Equitel was officially launched last July, and began issuing SIM cards to customers. Once fitted in a mobile phone, Equity Bank’s customers can access a toolkit on the menu that gives them options to borrow, send, receive and withdraw money. And like traditional mobile networks, one can also make calls, send messages and access the internet.
The mobile banking platform is what Equity Group CEO James Mwangi describes as a “massive transformation” to a digital bank.
More than two-thirds of all Equity Bank loan transactions carried out in 2015 were processed via Equitel. Transactions at the counter and at ATMs are beginning to “shrink significantly” as many retail clients switch to the mobile platform. This decongestion in banking halls is also having an impact on employee expenses – 660 staff exited the bank last year and a further 5% shrinkage in staff costs is expected in 2016.
“In 2011 the branches were doing annually 28 million transactions. Despite the growth of customers from 4 million then to 10.1 million today, the branches have only dealt with 23.8 million transactions [in 2015],” says Mwangi. “ATMs, which used to deal with 34 million transactions, has gradually been declining and now we are at 30 million transactions. We are on the verge of a turning point where we start slowly retiring the physical infrastructure.”
Although Equity says it will not shut down branches, they will mostly serve a different clientele – SMEs and corporates.
“The branches will now grow an SME corporate bank, and the old bank has gone virtual. We will see the branches significantly contributing more revenue because they are now doing high value business. We are also seeing diversification of branch income because they are able to do custodial, brokerage, advisory services,” explains Mwangi.

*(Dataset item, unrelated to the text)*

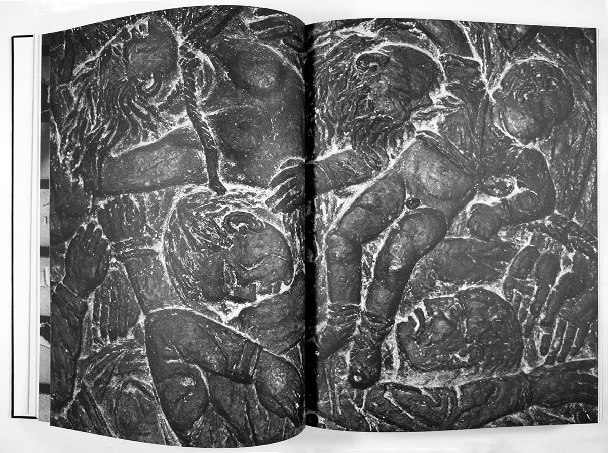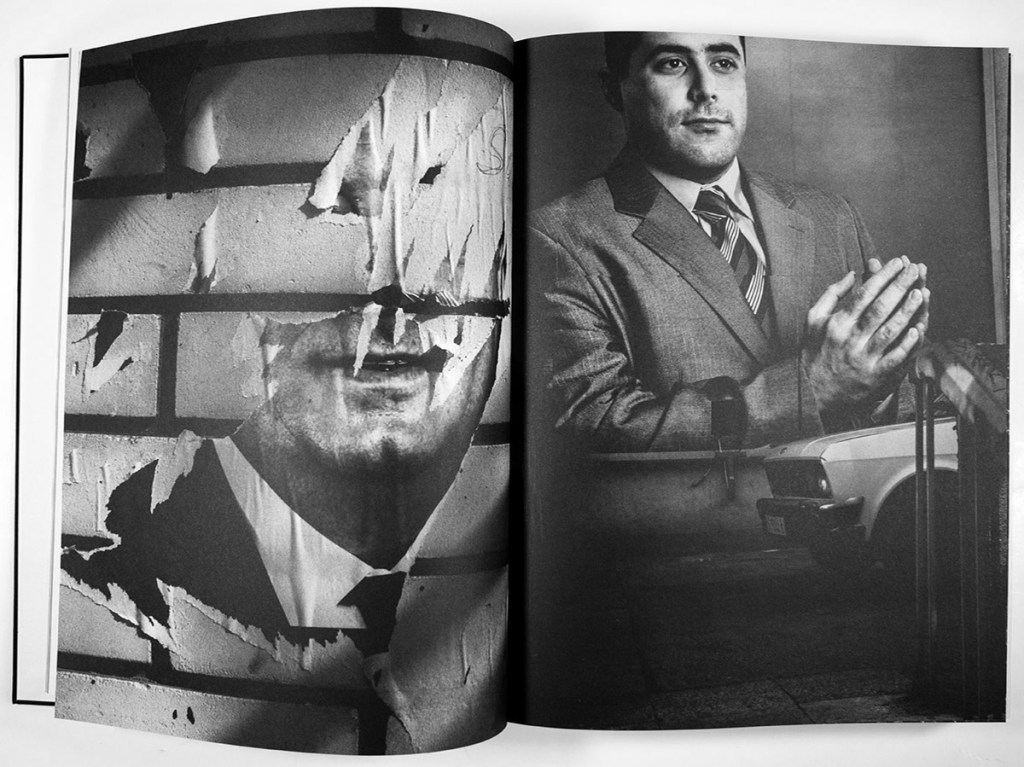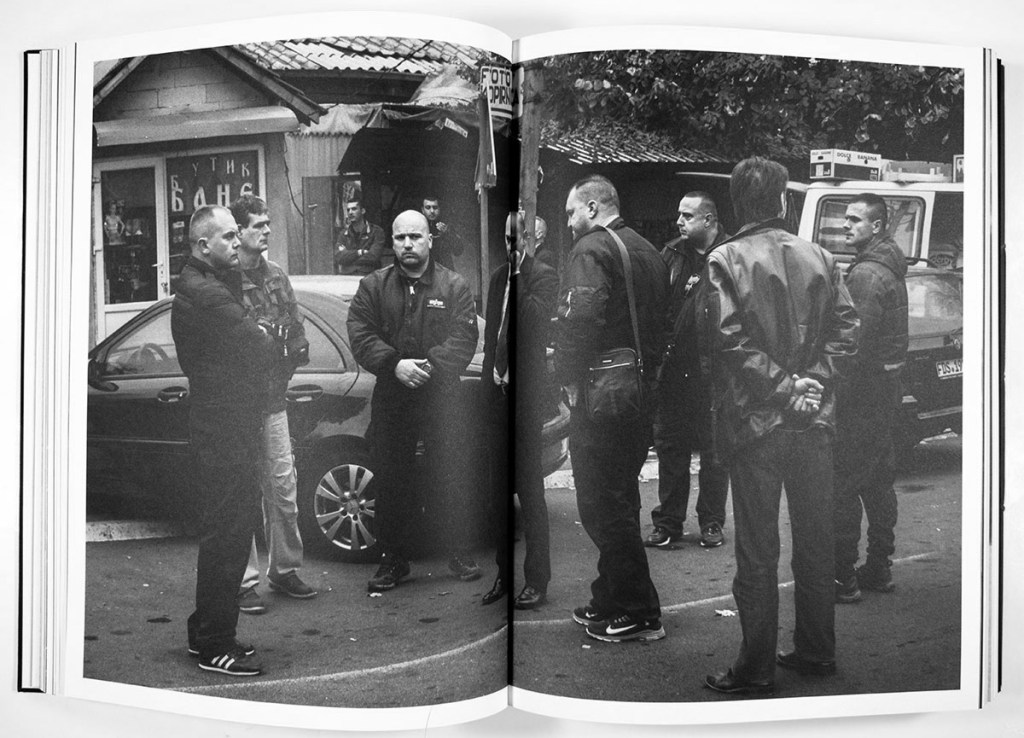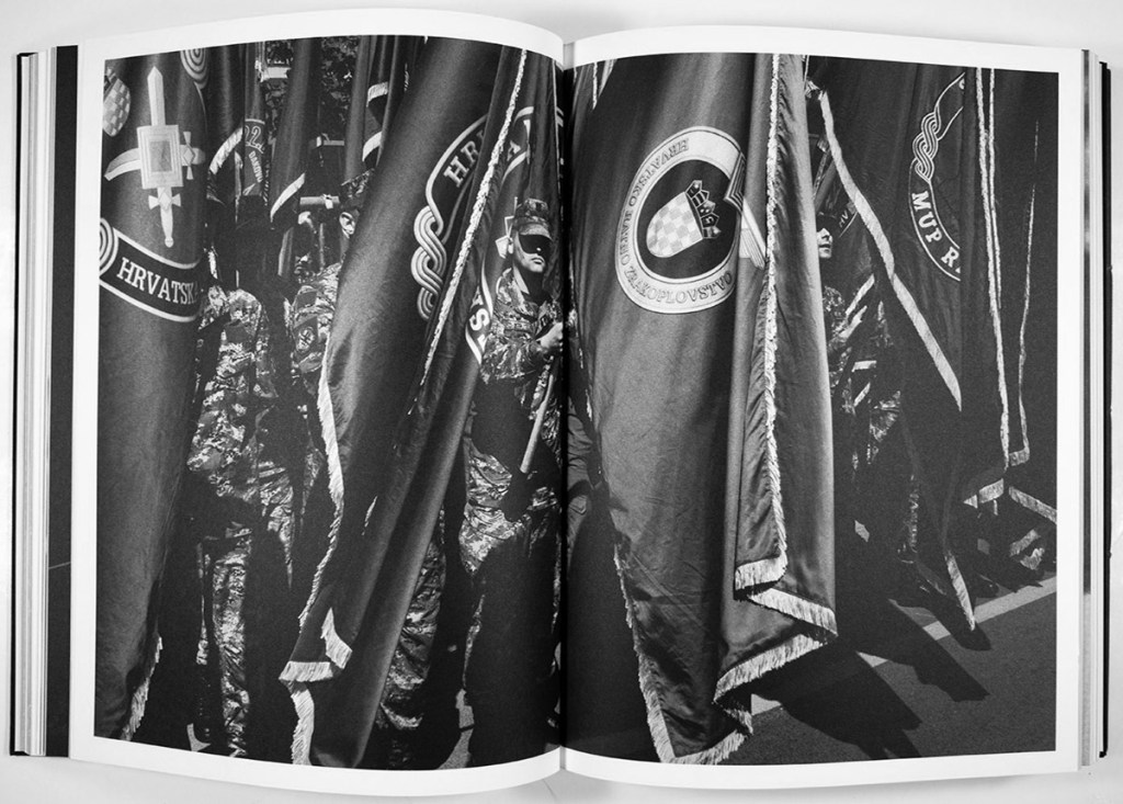 While it is always risky to accept an artist’s statements about their own work at face value, Kuzmanovic’s framing of this work confirmed my own experience in engaging with these photographs and reading these signs as I traveled the road Kuzmanovic offers. These images, organized in “three picture cycles” – according to Kuzmanovic – covering a period of almost 30 years, are in the aggregate, overwhelming. All black and white, the photographs are presented as full double-page bleeds, double-page spreads with a thin app. 1/4” border, some single page, bordered images, half-page diptychs across facing pages and, beginning about halfway through the book, four double-page foldouts. Within the foldouts are grids presenting 21 smaller images of: crowds; faces of pedestrians; uniformed parade marchers; and parade viewers. The overall sense is of a deliberateness and precision of organization and presentation.

“However, not everybody will move to virtual banking so the branches will still be necessary to serve slow adopters for as long as they want. The two banks will exist side by side.”

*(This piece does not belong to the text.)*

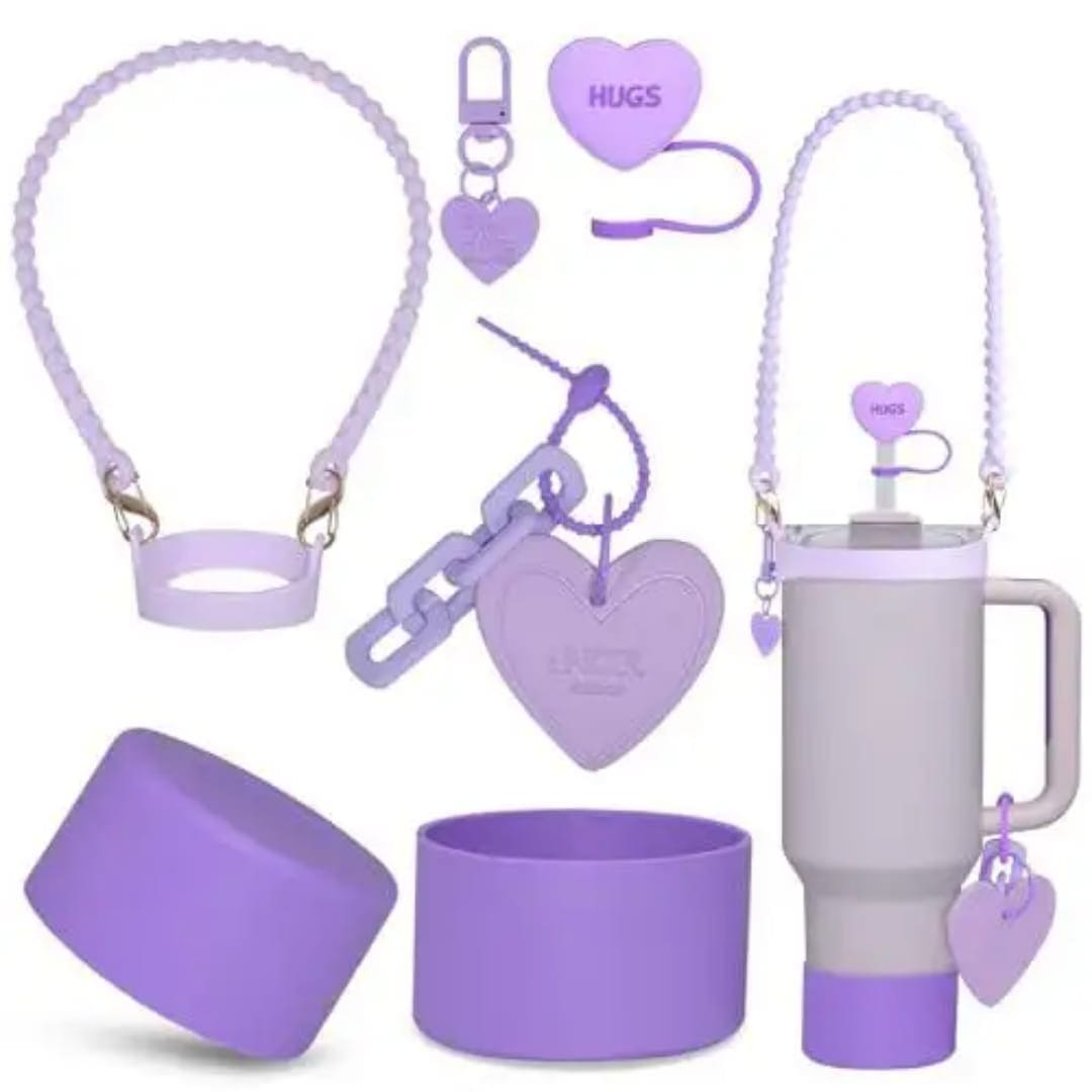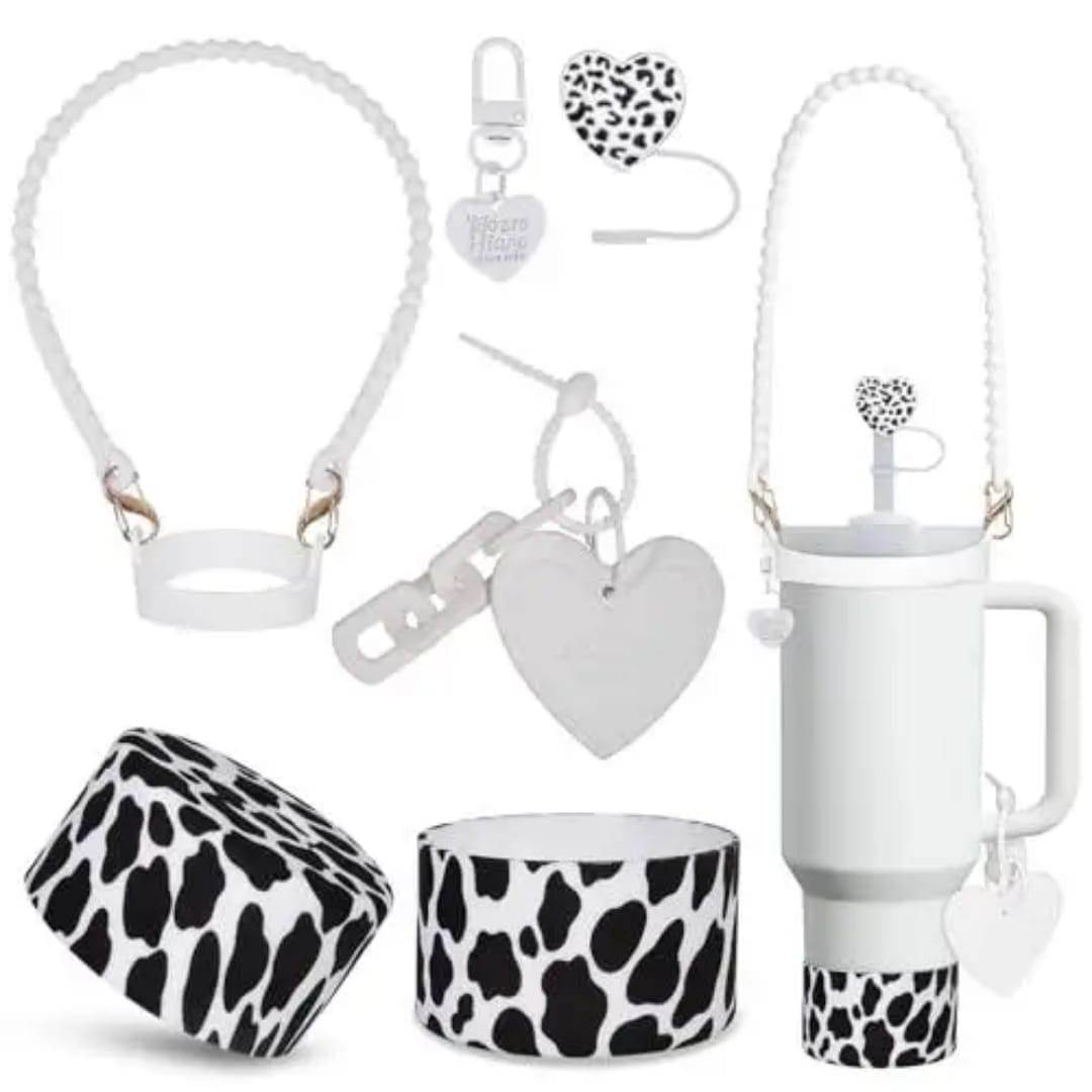 Level up your tumbler game with the Charm Sip Adventure Tumbler Accessory Set — a fun and functional bundle designed to add character and convenience to your daily hydration. This all-in-one set includes adorable charm toppers (like a playful panda and a horseback rider), a cute keychain, leak-stopper plugs, anti-spill silicone boots, and a straw cover — everything you need to customize your tumbler in style. Whether you're out for errands, at the gym, or gifting a friend, this set brings a touch of fun and flair to your favorite cup.

Most banks offering mobile lending in Kenya only allow micro-loans where the credit limit gradually grows based on the customer’s repayment habits. However, Equity is moving its usual lending to the digital platform, allowing customers to access loans of up to Ksh.3m (about $30,000) via their mobile phones.

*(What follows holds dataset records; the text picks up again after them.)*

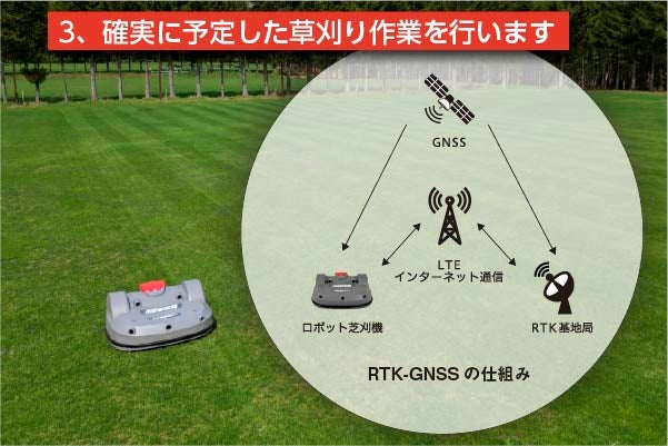 独自のRTK基地局を設置することで、衛星からの情報を確実にキャッチします。山間などの入り組んだ地形でも、ロボットの位置を見失うことなく、芝刈り作業を行います。また、ワイヤーが不要なので、エリア設定がタブレット上で行えるので、障害物の回避設定が簡単に行えます。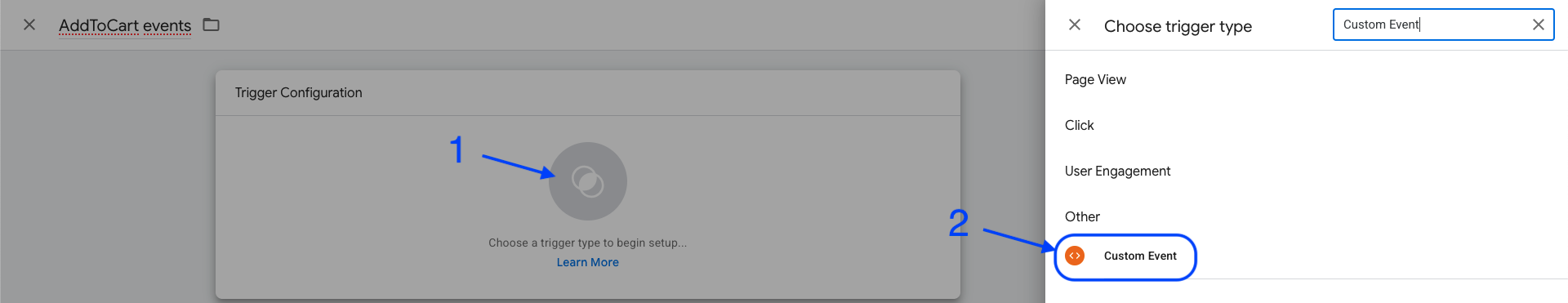 Trigger Configurationsection, select theCustom Eventtype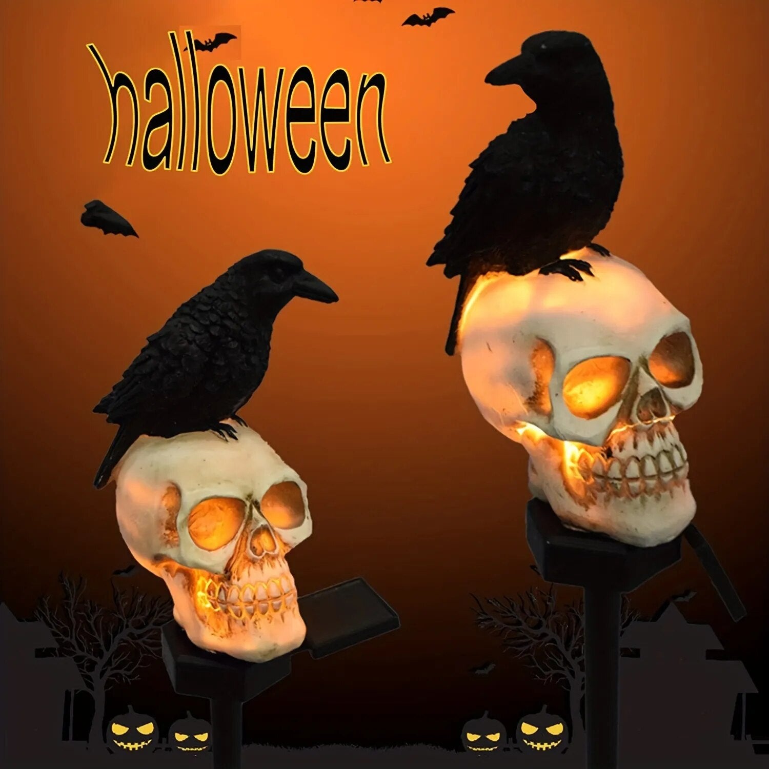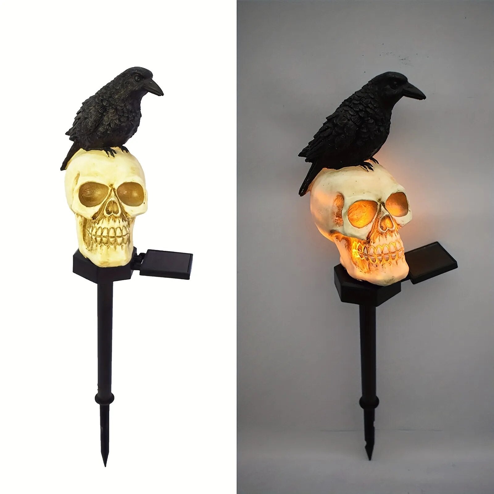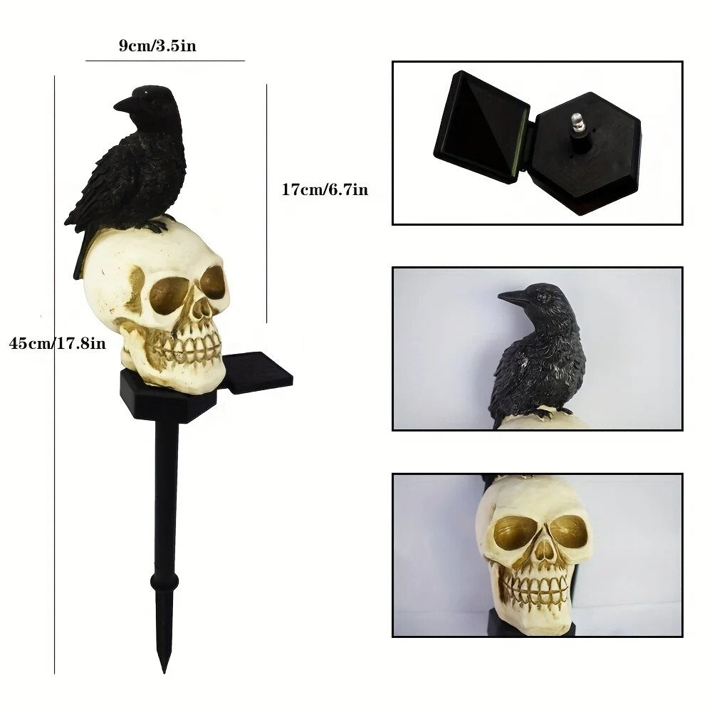Solar Resin Halloween Crow Skull Light Outdoor

Every day Equity receives 50,000 loan applications via Equitel. By December 2015, Equitel had disbursed 1.9 million loans totaling Ksh.8.5bn ($84m) in value. In 2016, Mwangi expects this figure to rise to Ksh.30bn ($295m).
He attributes the success of the bank’s digital strategy to substantial investments in information technology over a period of two years. In 2014, the bank hired Raphael Hukai, a former IBM employee, as its first chief information officer. Although a significant investment, Mwangi says the digital strategy is paying off. The bank is benefitting from convenience and “enormous reduction” in operational costs and deficiencies.
“The future [will] be driven by digital banking, not brick and mortar [branches].”